*** Records to process Section Begins ***

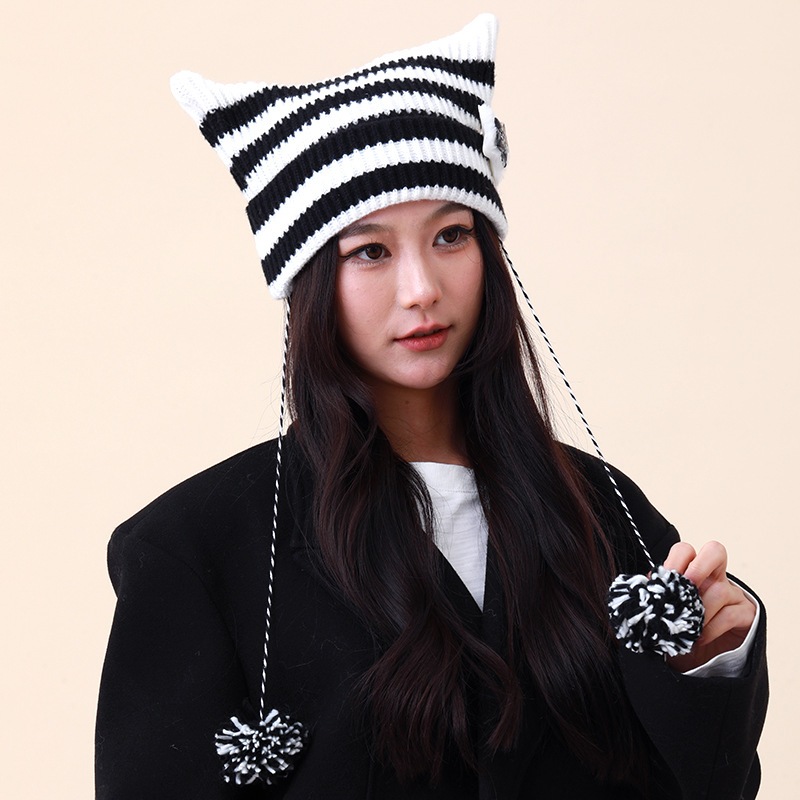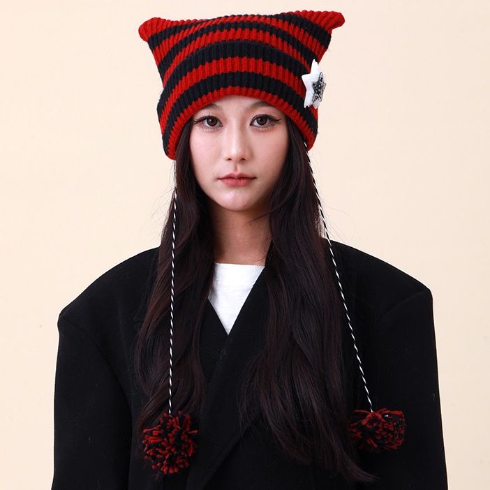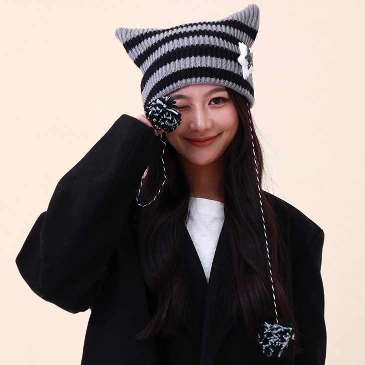 比風かわいい縞猫耳ニット毛糸帽子供天自転車保温耳保護カバー
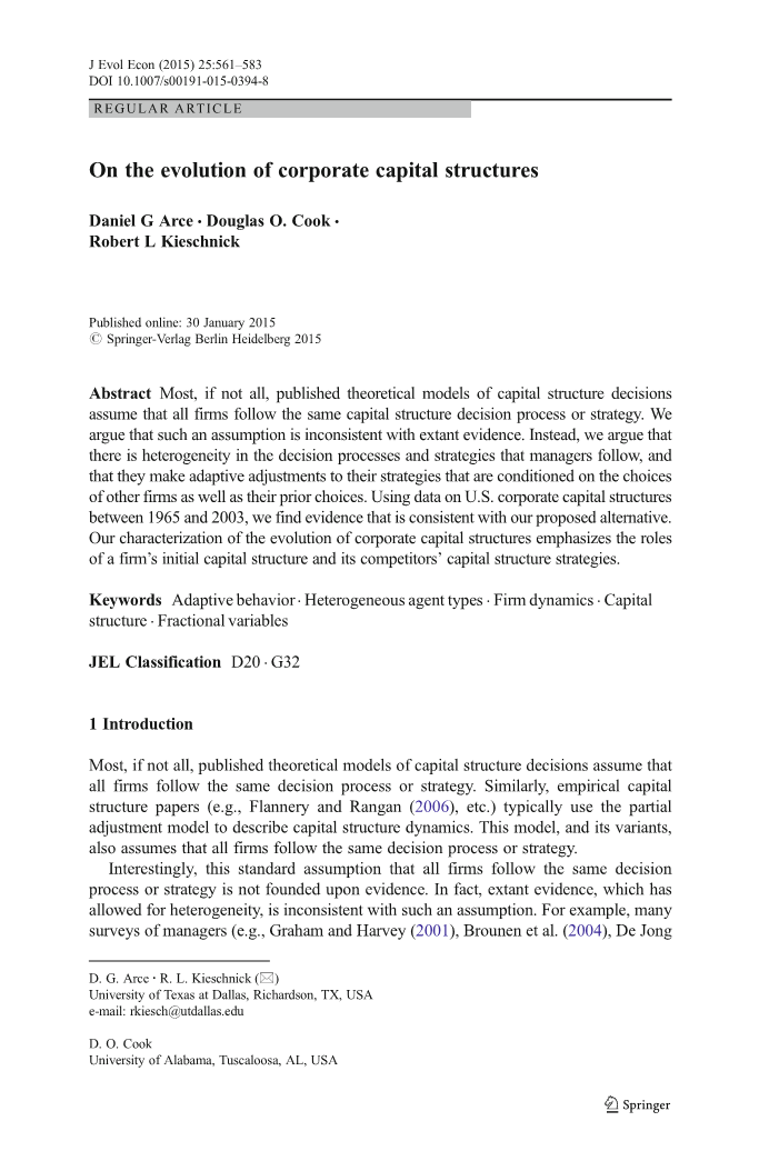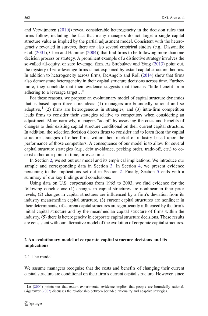 基于这些原因,我们提出了一个资本结构动态演化模型。这是基于三个核心思想:(1)管理者是有限度的理性的。适应性强,1(2)企业在战略上具有异质性,(3)企业内部竞争。导致企业在考虑竞争对手时考虑其战略。调整。更狭义的是,管理人员通过评估其现有资本结构的变化取决于其目前的资本结构。此外,选择决定还指导企业考虑并向资本学习。市场或行业内其他公司的结构战略竞争对手的表现。我们的模型的一个结果是允许资本结构战略(例如,债务规避、优先次序、权衡等)共存无论是在某一时间点,还是在一段时间内。
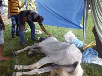 El caballo está siendo atendido por veterinarios de la Umata, con apoyo de la fundación Ángeles con Patas y de veterinarios voluntarios que han llegado a la carpa instalada en el sector del Laguito, para el proceso inicial de recuperación
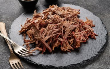 Рвана телятина — це ніжне м’ясо, яке легко розпадається на волокна після тривалого томління під фольгою. У цьому рецепті телятини робимо швидкий томатно-часниковий маринад із соєвим соусом та яблучним оцтом, запікаємо 3 години і обов’язково поливаємо соком, що утворився. Приготуй — і матимеш універсальну основу для бургерів, сендвічів, рисових або картопляних боулів.
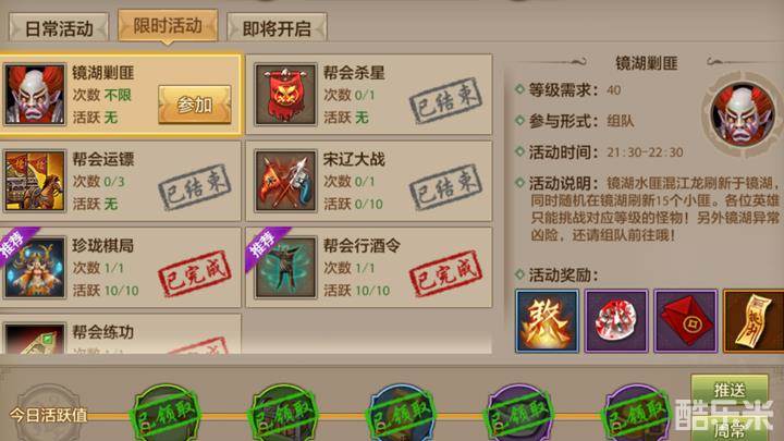 镜湖剿匪活动在游戏中需要玩家的角色等级达到40级以上参加,参与的方式是组队。活动每天共开放三次,分别是是中午13:30、下午17:30、晚上21:30每天3个时间段开放。每次开放时,会在镜湖地图中刷新15个混江小龙,并且在地图中间刷新一只混江龙BOSS。
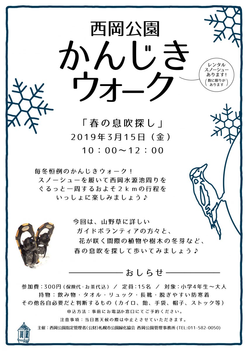 例年、ご好評をいただいている「西岡公園かんじきウォーク~春の息吹探し~」を実施します!
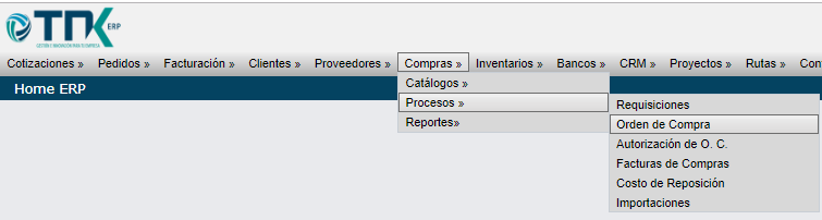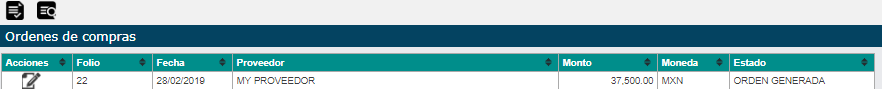 Su orden de compra se muestra en las órdenes de compra realizadas y su estatus actual es ORDEN GENERADA (este status se actualiza según los movimientos realizados sobre esta orden de compra) Después de generar la Orden de compra se tiene que Autorizar Orden de Compra.
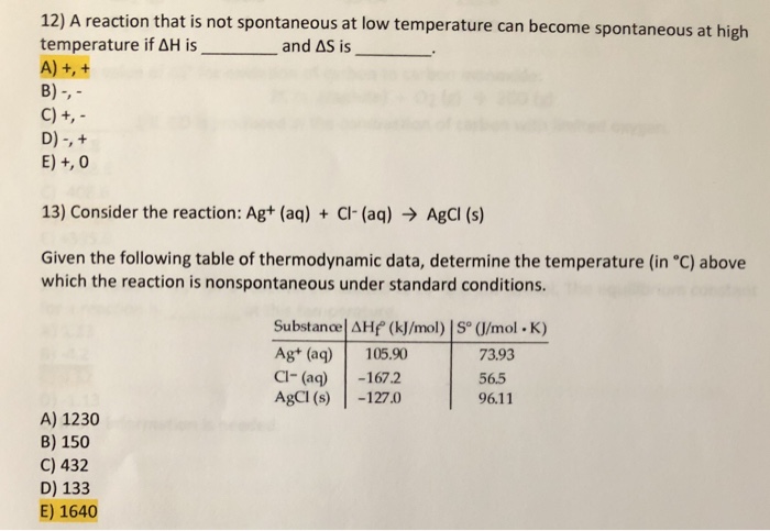 Solved 12 A Reaction That Is Not Spontaneous At Low Temp
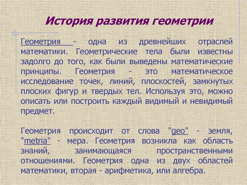История развития геометрииГеометрия - одна из древнейших отраслей
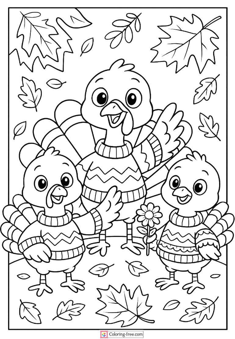 Cute and detailed adorable turkeys as Fun turkey coloring pages suitable to use as a children coloring exercise in Thanksgiving and fall coloring activities.
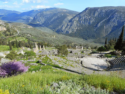 La vue en haut du théâtre sur le temple d'Apollon et les montagnes.

*** Records to process Section Ends ***

* **What you have to do**
Every line from the one that contains "Cute and detailed" through the end of the records above is to be reproduced exactly; no picture goes in the copy.

* **Exercise output**
 Cute and detailed adorable turkeys as Fun turkey coloring pages suitable to use as a children coloring exercise in Thanksgiving and fall coloring activities.
 La vue en haut du théâtre sur le temple d'Apollon et les montagnes.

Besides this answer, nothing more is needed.